The Company also entered into a Registration Rights Agreement with the Investor, pursuant to which the Company was obligated to file and have declared effective by the SEC a registration statement registering the resale of the Shares and Common Stock issuable upon the conversion of the Series A Preferred Stock and the exercise of the A Warrants and B Warrants. If the registration statement was not declared effective by the SEC by August 28, 2008, the Registration Rights Agreement provided for the Company to issue to the Investor as liquidated damages an additional 1,000 shares of Series A Preferred Stock for each day thereafter not declared effective (subject to a maximum of 250,000 shares). On October 17, 2008, the SEC declared effective the Company’s registration statement on Form S-1.
The Series A Preferred Stock has no voting or dividend rights, is entitled to a liquidation preference of $0.60 per share, and each share is convertible into one share of Company common stock at the option of the holder (which was adjustable to more shares if certain “defined EPS” performance thresholds were not met for the six months ended September 30, 2008 or the year ended December 31, 2008; however, the performance thresholds were met).
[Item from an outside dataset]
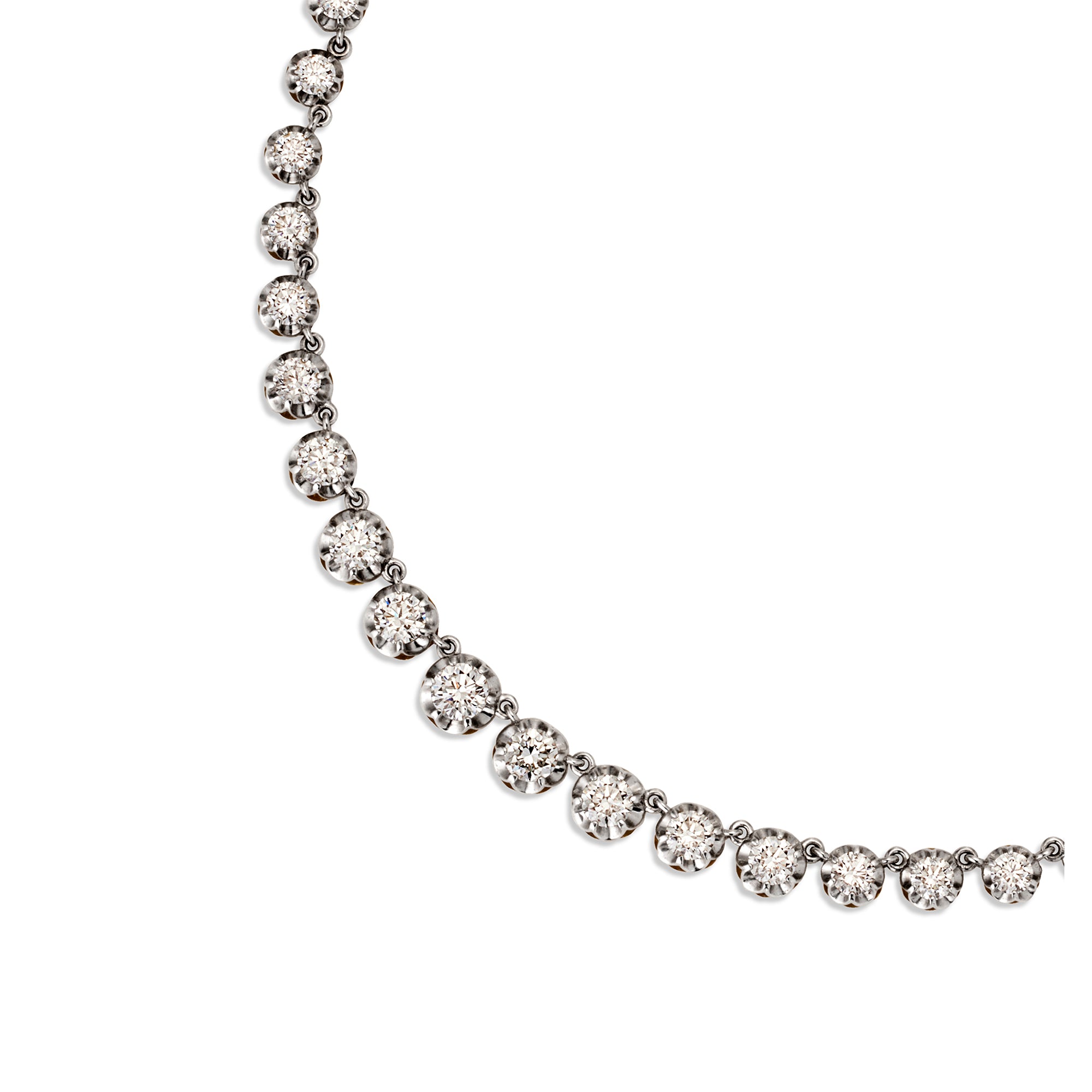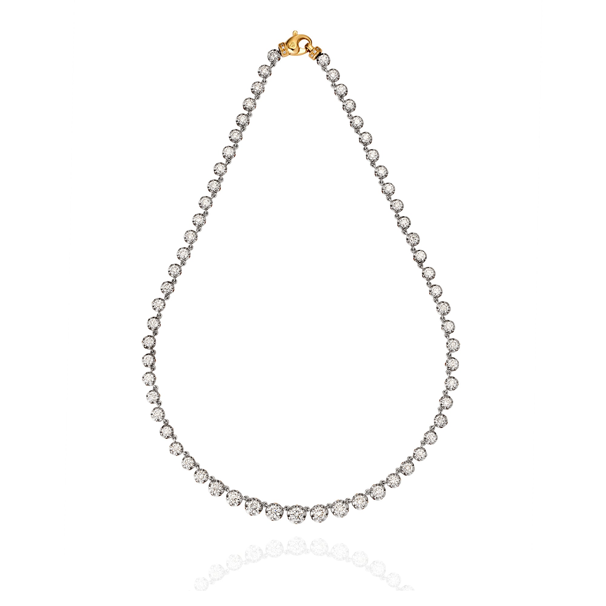 18ct Two Tone Graduated Diamond Scallop Tennis Necklace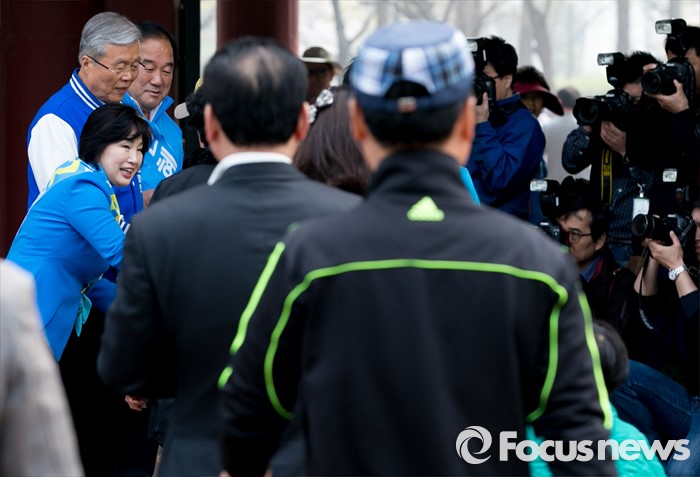 (서울=포커스뉴스) 김종인 더불어민주당 비대위 대표 겸 선대위원장과 전혜숙 광진갑 후보가 10일 오전 서울 어린이대공원 앞에서 나들이객들에게 인사하며 지지를 호소하고 있다.

In addition, the Investor had the right to participate in any subsequent funding by the Company on a pro-rata basis at 100% of the offering price for a three month period following the closing. In addition, the conversion price of the Series A Preferred Stock and the exercise price of the warrants is to be reduced in the event of any stock splits or stock dividends or in the event that the Company sells, grants, or issues any shares, options, warrants, or any convertible instrument at a price below the $0.60 current conversion price of the Series A Preferred Stock or the current exercise prices of the warrants.
The Company recorded as a $1,394,000 deemed dividend and as a $1,394,000 increase in additional paid-in capital based upon the total of $1,394,000 of the intrinsic value of the beneficial conversion feature ($428,500) and the estimated fair value of the A Warrants ($477,250) and the B Warrants ($488,250). The fair value of the warrants was estimated using the Black-Scholes option pricing model and the following assumptions: stock price of $0.75 per share, exercise price of $0.75 per share for the A warrants, exercise price of $1.00 per share for the B warrants, term of 3 years, expected volatility of 74%, and risk-free interest rate of 4%.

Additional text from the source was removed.